The Harvard Library Innovation Laboratory at the Harvard Law School posted a link to a 23-minute podcast interview with Sebastian Hammer. Hammer is the president of Index Data, a company in the information retrieval space, including federated search.
Update 4/3/12: A transcript of the interview is here.
Hammer was interviewed about the challenges of federated search, which he addressed in a very balanced way. The gist of Hammer’s message is that, yes, there are challenges to the technology but they’re not insurmountable. And, without using the word “discovery service,” Hammer did a fine job of explaining that large indexes are an important component of a search solution but they’re not the entire solution, especially in organizations that have highly specialized sources they need access to.
I was delighted to hear Hammer mention the idea of “super nodes” to allow federated search to scale to thousands of sources. Blog sponsor Deep Web Technologies has used this idea, which they call hierarchical federated search for several years. Several of their applications search other applications which can, in turn, search other applications. In 2009, Deep Web Technologies founder and president Abe Lederman delivered a talk and presented a paper at SLA,
Science Research: Journey to Ten Thousand Source, detailing his company’s proven “divide-and-conquer” approach to federating federations of sources.

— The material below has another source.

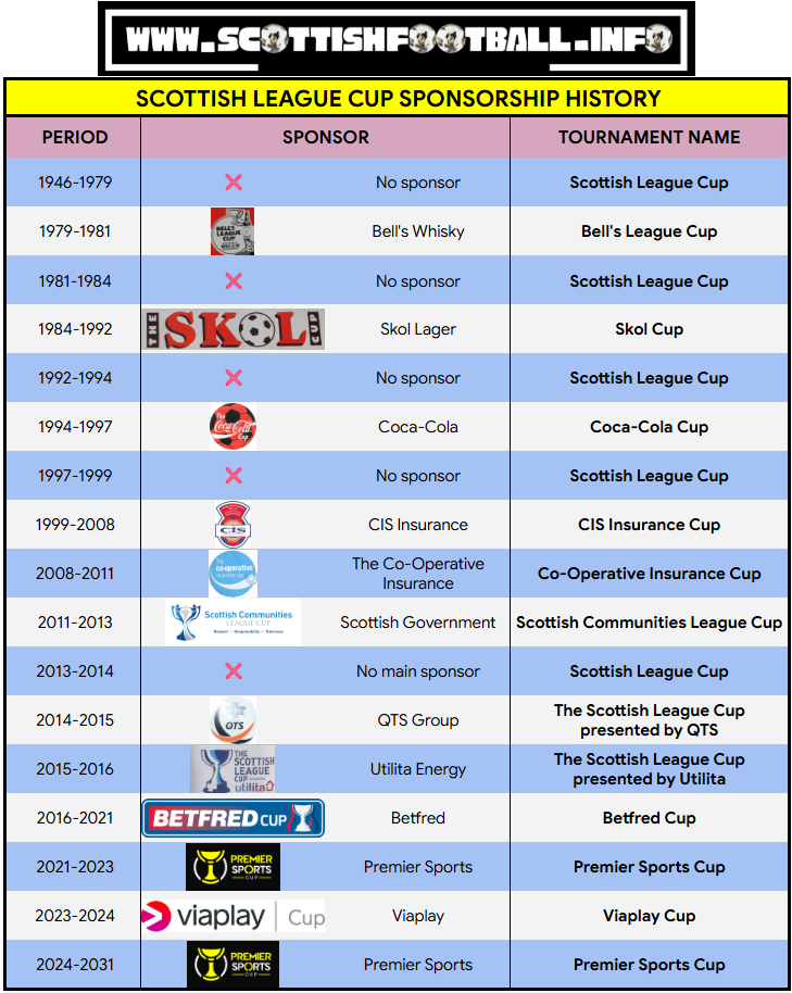 The Scottish League Cup has had various main sponsors over the years, leading to different names for the tournament. In the early years it had no sponsor, but from 1979 onwards commercial sponsorship was becoming more common in football. The SFL signed deals to have their tournament known as the Bell’s League Cup in 1979-81, the Skol Cup between 1984 and 1992 and the Coca-Cola Cup from 1994-1998.

I was also happy to hear Hammer speak to the importance of hybrid solutions. Federation is appropriate for gaining access to some content and maintaining a local index works for other content. Neither alone is a complete solution. Deep Web Technologies figured this out some years ago. A good example of hybrid search technology is the E-print Network, a product of the U.S. Department of Energy’s Office of Scientific and Technical Information, (OSTI). Deep Web Technologies built the search technology, which combines information about millions of documents crawled from over 30,000 sites, with federated content. I have been involved with the crawl piece of the E-print Network for a number of years and can testify to the power of the right hybrid solution. In 2008 I wrote a three-part series of articles at OSTI’s blog explaining the technology behind the E-print Network. Part One is here.
In conclusion, I highly recommend the podcast for a good reminder that federated search isn’t dead and that it’s an important part of search.